Выходя за рамки устоявшихся интерпретаций ранних работ Кандинского, в духе теософии и примитивизма, я предлагаю отвести его творчеству иное место в той жаркой философской, политической и эстетической полемике, которая разгорелась в результате повторного открытия в России иконописной традиции. При этом я предлагаю новую систему историко-культурных координат, к которым исследователи практически не обращались, но которые многое дают для понимания живописи Кандинского. В противовес столь распространенному ныне критическому отношению Пунина к Кандинскому как к художнику «отчужденному» и специфическому я показываю, что его художественные и теоретические произведения, начиная с самых ранних, юношеских, в значительной степени возникали под воздействием бурной и сложной полемики, связанной с возрождением иконописи, и явились своеобразным откликом на эту полемику. Все же я не стану утверждать, будто парадигматический переход Кандинского к беспредметности был непосредственной реакцией на русско-византийское возрождение. Как и большинство открытий, ведущих к смене парадигм, открытие Кандинского было, конечно же, обусловлено не воздействием какого-то одного стимула, но сочетанием чрезвычайно сложных психологических, социальных, культурных и эстетических изменений.
Таким образом, в настоящей главе я стремлюсь достичь сразу нескольких разных целей. Во-первых, проследить развитие у Кандинского интереса к иконописной традиции и воздействие этой традиции на его творчество. Во-вторых, показать, каким образом в его произведениях 1908–1913 годов были задействованы изобразительные принципы, свойственные иконописи, – и на формальном уровне, и на теоретическом. В-третьих, рассмотреть философско-эстетические принципы Кандинского этого времени в контексте идей русского религиозного возрождения, прежде всего выраженных в трудах Флоренского. В частности, будут рассмотрены теоретические параллели между так называемым медиевализмом Флоренского и Кандинского, а также между их пониманием роли религии в современном мире, но в то же время будут отмечены и основные различия в их взглядах.
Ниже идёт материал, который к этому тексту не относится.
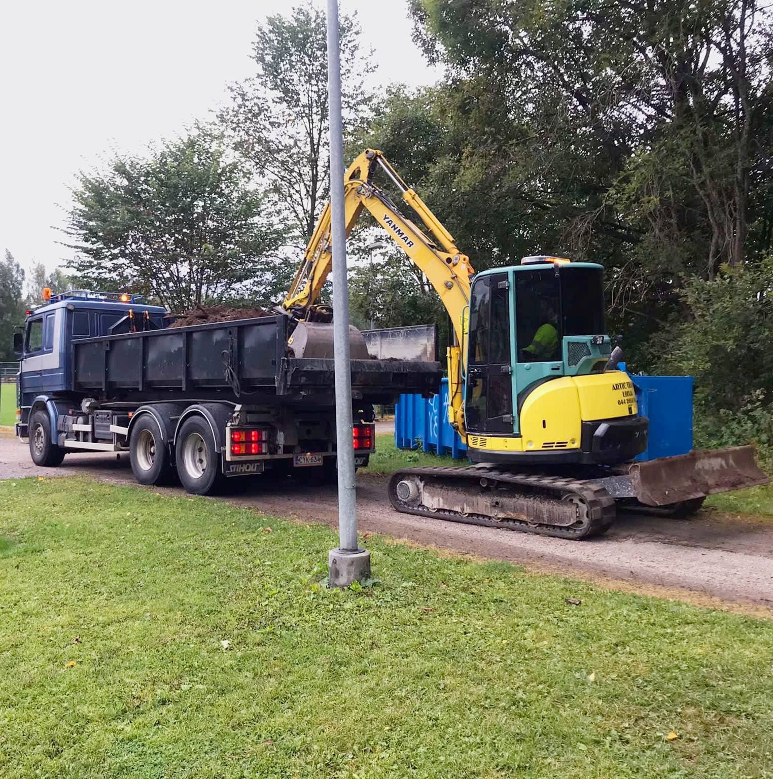 Meiltä saat tilattua sorat, sepelit, mullat, hiekat ja muut ainekset, mille tarve onkaan. Viemme myös kaivuumaat pois ja kuljetamme tilalle täytemaata.

Наконец, что особенно важно, в этой главе опровергается столь популярное ныне представление о том, что Кандинского с иконописью связывало лишь мимолетное романтическое увлечение примитивным искусством, мистикой и оккультизмом. Напротив, работы Кандинского довоенного периода будут здесь представлены как выражение альтернативных теоретических воззрений на роль искусства в культуре двадцатого века, противостоящих громким заявлениям формалистов и материалистов авангардного толка, выдвигаемым обычно модернистской историографией на первый план. Осознавал это Кандинский или нет, но его теоретическое обоснование нового духовного искусства коренилось в православной идеологии и эстетике. Таким образом, он фактически разработал для ХХ века концепцию «современной иконы».
По свидетельствам родственников и друзей Кандинского, он был прилежным прихожанином Русской православной церкви и выдающимся коллекционером икон. На фотографиях его мюнхенской квартиры и дома в Мурнау видно множество изображений христианской тематики. Например, на хорошо известной фотографии 1911 года, где Кандинский сидит за письменным столом в своей мюнхенской квартире на Айнмиллерштрассе, 36 (рис. 38), отчетливо видны изображение ангела, три православных креста, две маленькие медные иконы, сцена распятия и статуэтка Девы Марии. Интерес к иконописной образности Кандинский сохранил на всю жизнь, о чем свидетельствует оставленное Ниной Кандинской описание его студии в Нёйисюр-Сен, в их квартире на бульваре Де-ля-Сен, 135:
Со времени смерти Кандинского я почти ничего не изменила в парижской квартире. <…> И старые иконы еще висят в мастерской так же, как он их развесил. Кроме них, он ничего не хотел видеть на стенах своей мастерской – даже собственные картины. Ничто не должно было отвлекать его от работы, свободные стены не мешали его концентрации [Кандинская 2017: 224].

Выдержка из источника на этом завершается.